I found Turturro really menacing though, so it worked on me.

reply

Correct

reply

Turturro was terrible. He's a great actor but every now and then overdoes it.

reply

The film does not take place in Mississippi, it takes place in upstate NY. But I suppose you could justify his poor accent as an exxaggeration in his head.

reply

It's Mort's IMPRESSION of an accent, manifesting itself. This was clearly done with purpose.

reply

I believe that most of us UNDERSTAND that. It is still counterintuitive; in the beginning, the viewer should believe that John Shooter is a real person, just as Mort does. It's a narrative ARC.

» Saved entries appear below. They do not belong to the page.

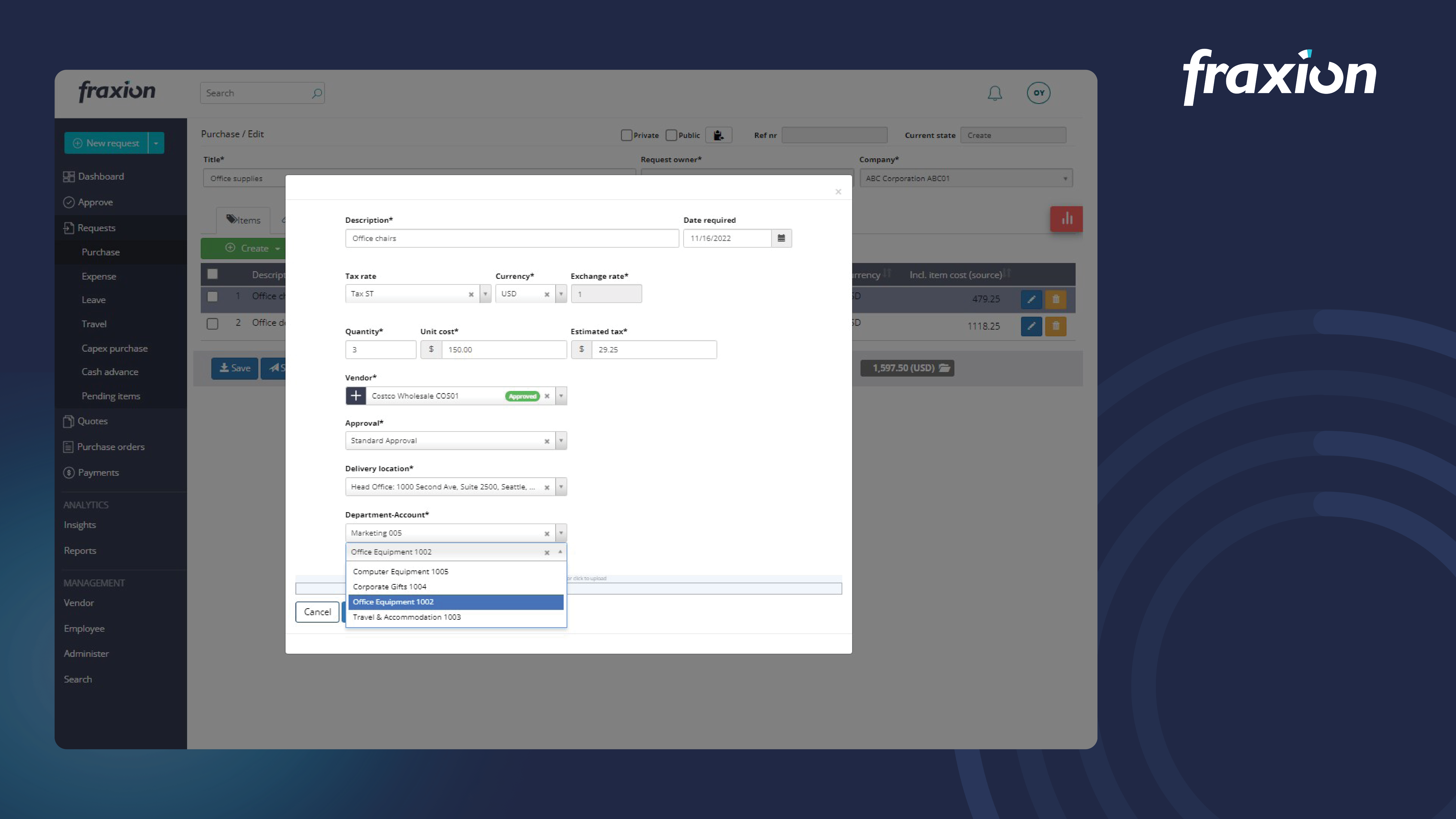 Fraxion offers a complete spend management solution for purchase requisition-to-PO, expense and approval management, AP workflow management, and spend analysis. The solution includes mobile purchase requisition-to-purchase order functionality with advanced approval routing, quoting, invoice approval, and 2 or 3-way matching capabilities. It allows companies to configure their policies and actively manage compliance, and provides advanced analytics for spend analysis with reporting power and insights. Fraxion also helps manage supplier take-on and ensures that all spend occurs with approved suppliers, and allows companies to leverage their data to negotiate more favorable terms and discounts. Fraxion PunchOut is also available.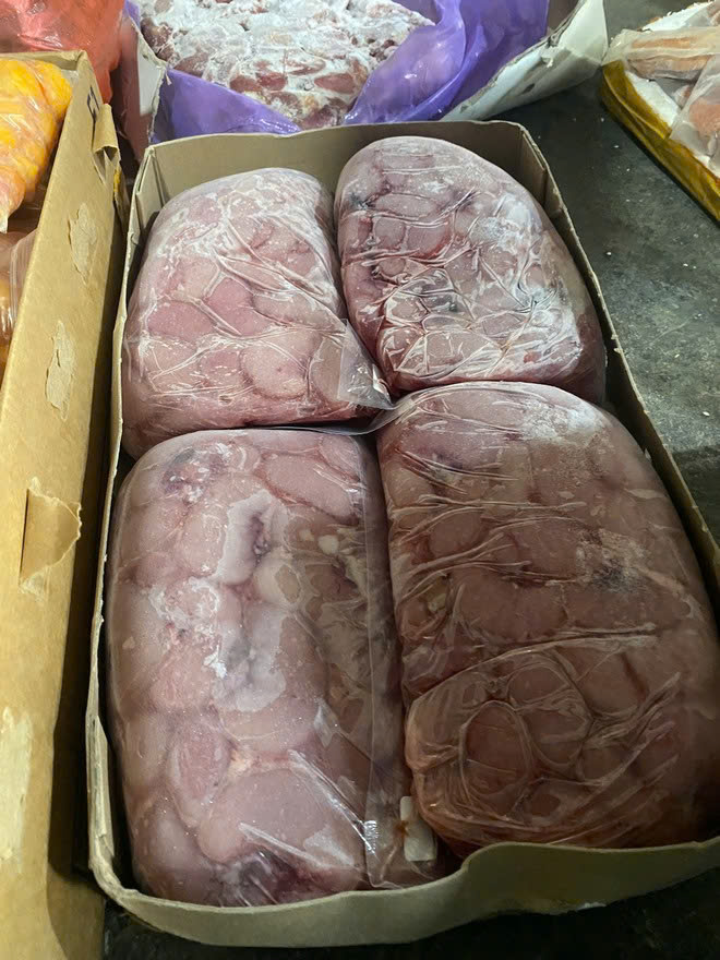 Tại thời điểm kiểm tra, tổ công tác phát hiện hơn 2,1 tấn thực phẩm đông lạnh là nầm lợn, tràng trứng, tràng lợn, kê gà, mề gà,... không rõ nguồn gốc xuất xứ, chưa được kiểm định chất lượng. Chủ cơ sở là bà P.T.H (SN: 1992), không xuất trình được giấy phép đăng ký kinh doanh, hoá đơn chứng từ số hàng hoá trên.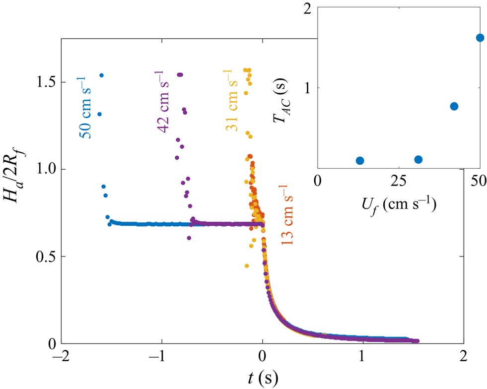 $H_a/2R_f$ of the droplet cap above the oil surface (see figure 6) for four impact velocities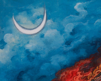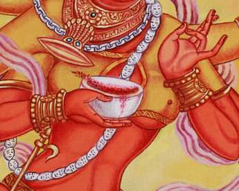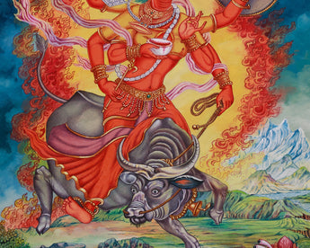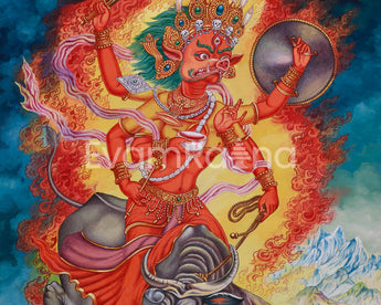 The Varahi Thangka Print is a powerful representation of the goddess, symbolizing her red form, strength, and transformation. The bull beneath her represents strength and vitality, while the fiery background symbolizes her role as a destroyer of obstacles. The moon above her symbolizes clarity and feminine energy. The Thangka also features representations of the Five Senses, emphasizing the importance of mindful awareness in spiritual practice. These figures encourage deep self-awareness and wisdom, aligning with higher spiritual truths. Surrounded by celestial elements and traditional iconography, this artwork blends spiritual depth, Newari-style art, and visual impact. It is a perfect spiritual tool for those seeking empowerment, protection, and spiritual transformation.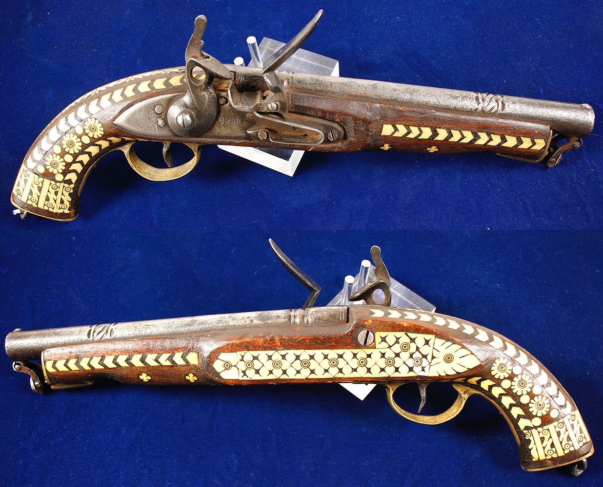 A beautiful Ivory style trade gun, replicating the East Indies Trade Company. This is a beautiful rendition of an 18th century large caliber single shot handgun used shipboard typically. NON FIRING RELICA meant for office or den display. Excellent construction, most likely made in Spain. Date: Location: HWAC# 56229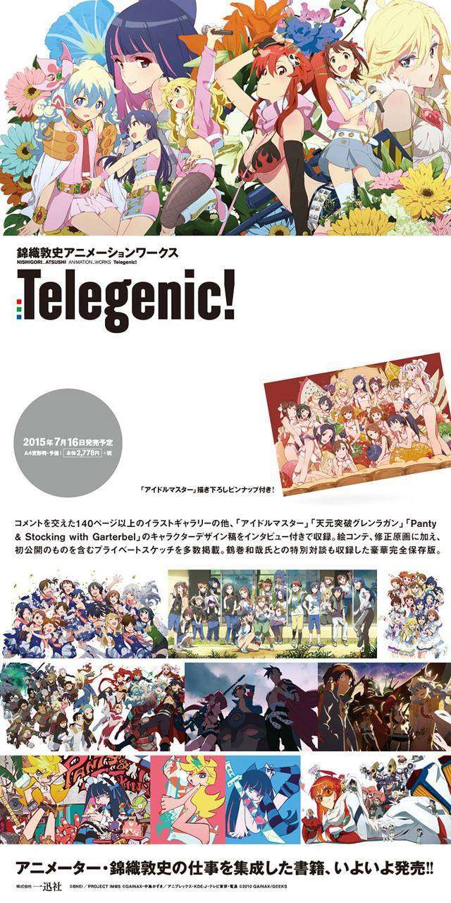 Atsushi Nishigori, seorang animator serta desainer karakter dari beberapa seri anime yakni Gurren Lagann, Panty and Stocking, serta The Idolm@ster akan segera merilis artbook yang berisi ilustrasi karyanya. Artbook tersebut akan berjudul Telegenic.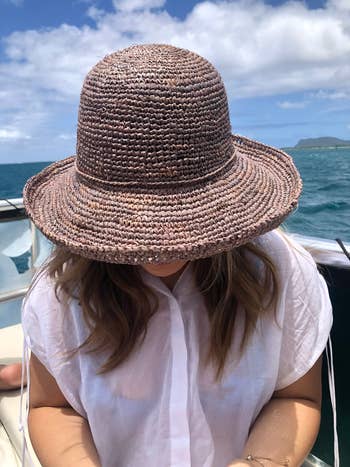 Promising review: "I packed this hat into my suitcase twice and both times I just had to readjust it a bit and then it was the perfect shape again! There is a natural fiber smell when you first open the package for the first few days and then it goes away naturally. It’s super cute on and you can adjust the size inside with a strap as well!" —Jetsetgigi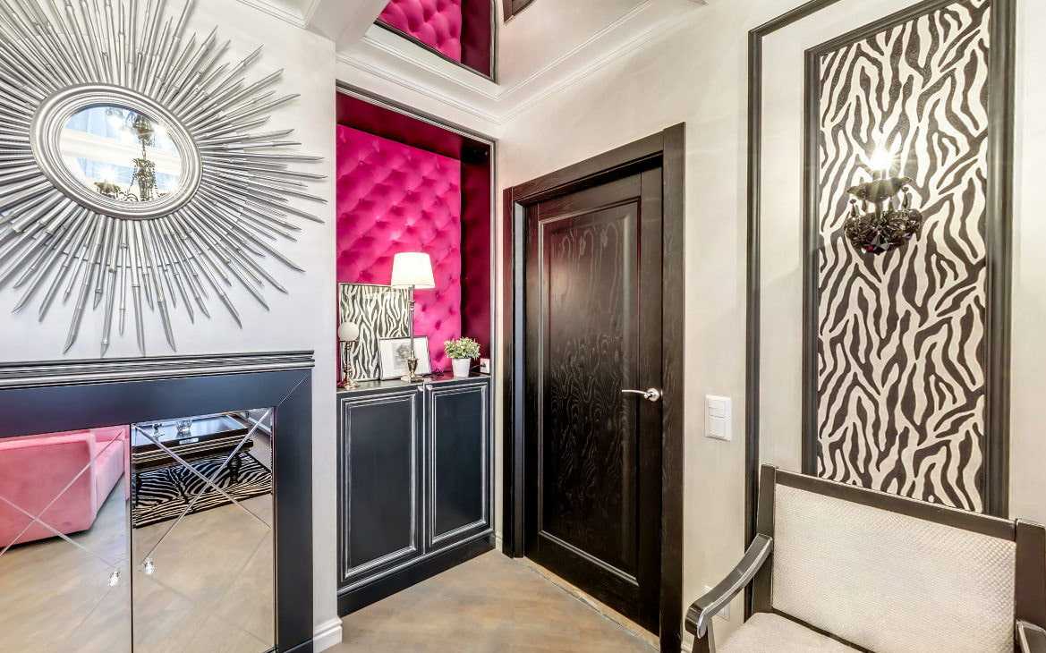 - Если хочется замаскировать проход в другую комнату, дверь можно скрыть зеркалом, но нужна педальная фурнитура, чтобы открывать их.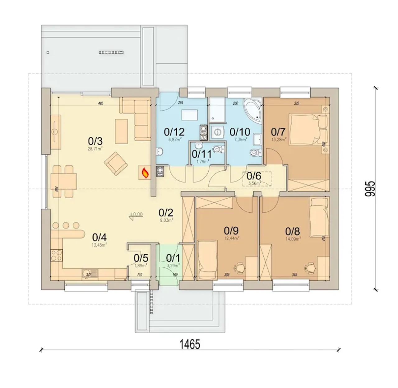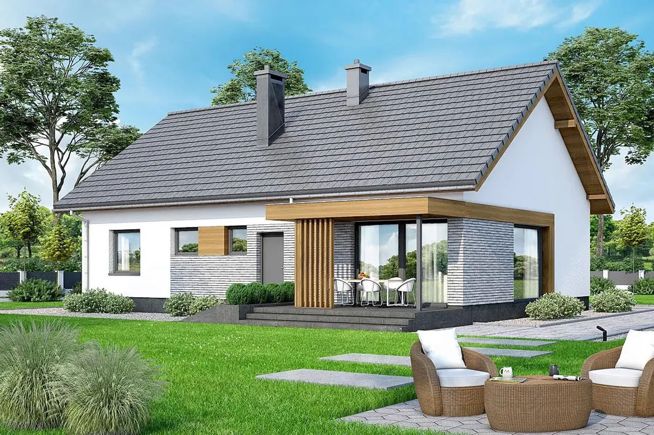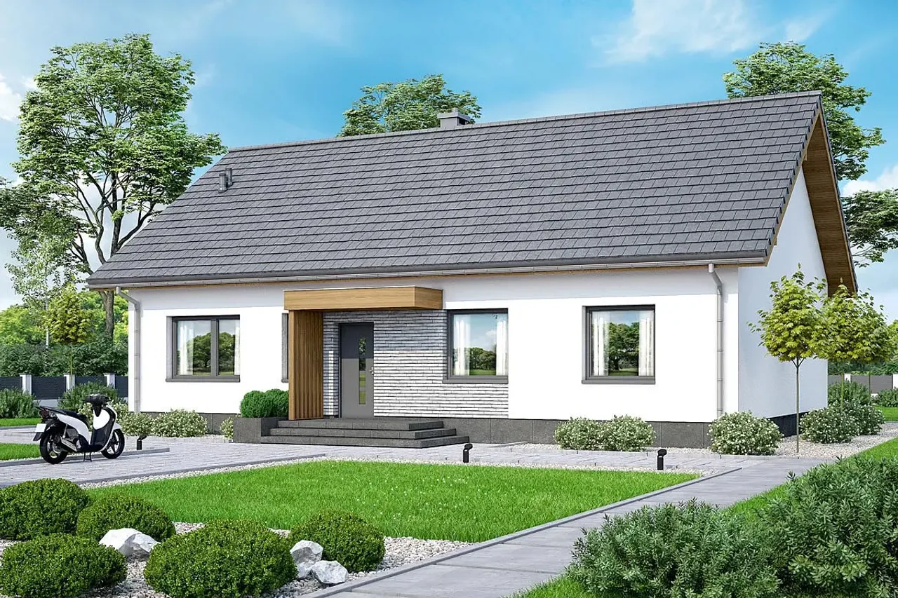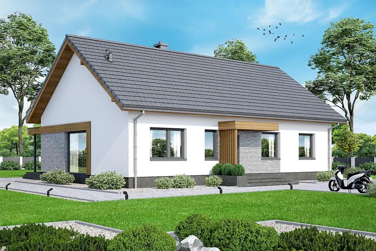 Calma Plus to projekt domu jednorodzinnego całorocznego, zaprojektowany specjalnie dla rodzin, które poszukują wygodnego i praktycznego miejsca do życia. Parterowy układ z czterema pokojami umożliwia elastyczne dopasowanie przestrzeni do własnych potrzeb - znajdzie się miejsce zarówno na przytulną sypialnię, jak i domowe biuro czy pokój dla dzieci. Brak schodów i podpiwniczenia sprawia, że dom jest bezpieczny oraz niezwykle przyjazny dla wszystkich mieszkańców, w każdym wieku.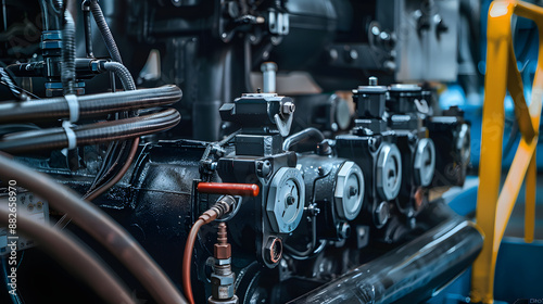 Fototapeta premium Part of a hydraulic industrial machine, control levers of a hydraulic machine, industrial concept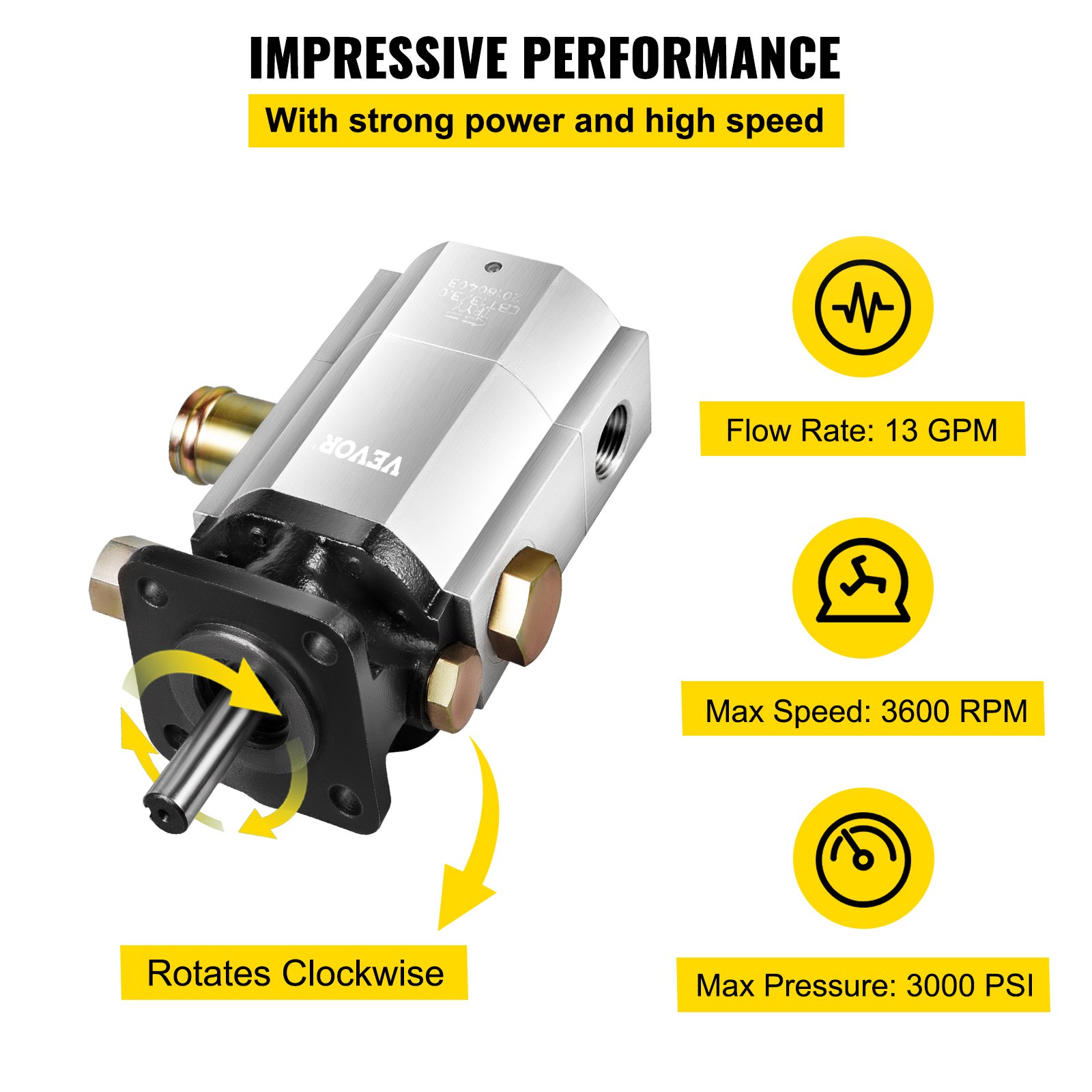 Hydraulic Wood Splitter Pump 3000 PSI 2 Stage Log Splitter Pump 13 GPM, Hydraulic Gear Pump 3600 RPM Aluminum Log Splitter Pumps 1/8' Keyed Shaft For Gas Log Splitters/Hydraulic Power Units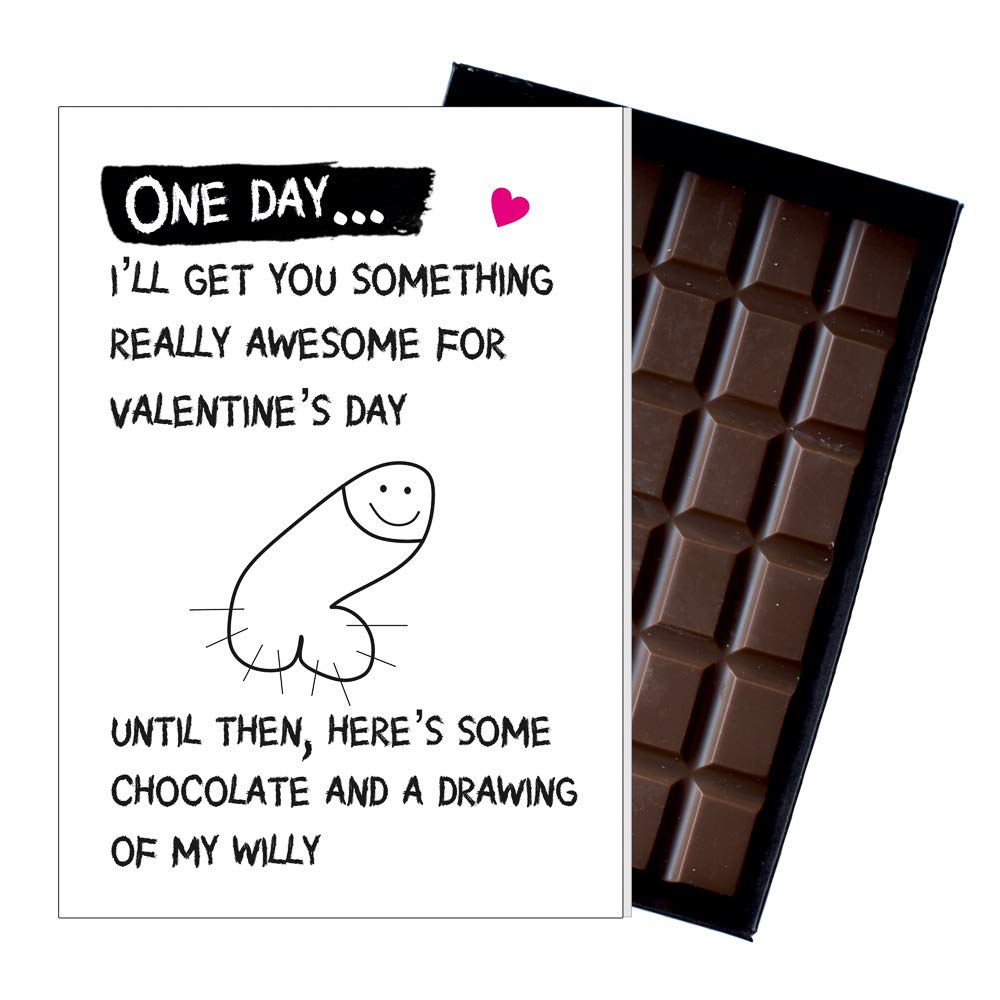 Funny Valentines Day Gifts for Women Rude Presents for Girlfriend Wife or Civil Partner 85 Gram Luxury Boxed Belgian Milk or Dark Chocolate Silly Greetings Card with Willy Theme for Lady in Your Life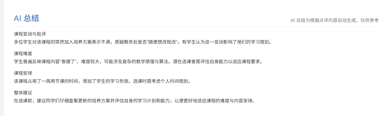 该课程的安排受到了广泛的批评,因突然将其设为全校通修课,尤其是未提前通知24级学生。中途插入一门原计划大一选修的课程让许多学生措手不及。此决定被认为是缺乏周详考虑且学生的学习节奏受到打乱,尤其是在大三阶段给学生增加额外负担引发更多不满。修改方案的突然性和随意性引发了学生对教学管理的不满。

The over-the-top accent achieves just the opposite. For anyone who is familiar with regional accents of the American South, at least.

reply

It sounded more Alabama to me. Like the same accent that everyone used in Fried Green Tomatoes.

reply

Only good performance in an otherwise pathetic poop, someone's just queasy about how their idol j. derp got outacted by a real talent

reply

Turturro is the one that I had my eye on in this movie too. That man is scary and mysterious.

reply

As you may have noticed from other posters, his accent seemed fine. His accent was never supposed to be an authentic Mississippi accent, he was a made up character that lived in the mind of Johnny Depp, so he sounded however he wanted him to sound.

reply

Again, the film does not take place in Mississippi, it takes place in upstate NY.

reply

Anything I have seen him in, he has the same accent

reply

I couldn't disagree more. This was Turturro's crowning achievement. He made the movie.

reply

He sure did! He obviously went the caricature route. Not only did he pull it off in spades, but he managed to do it while still coming off as scary, menacing, and deranged. In the hands of a lesser actor the character could've easily come off as just a clown.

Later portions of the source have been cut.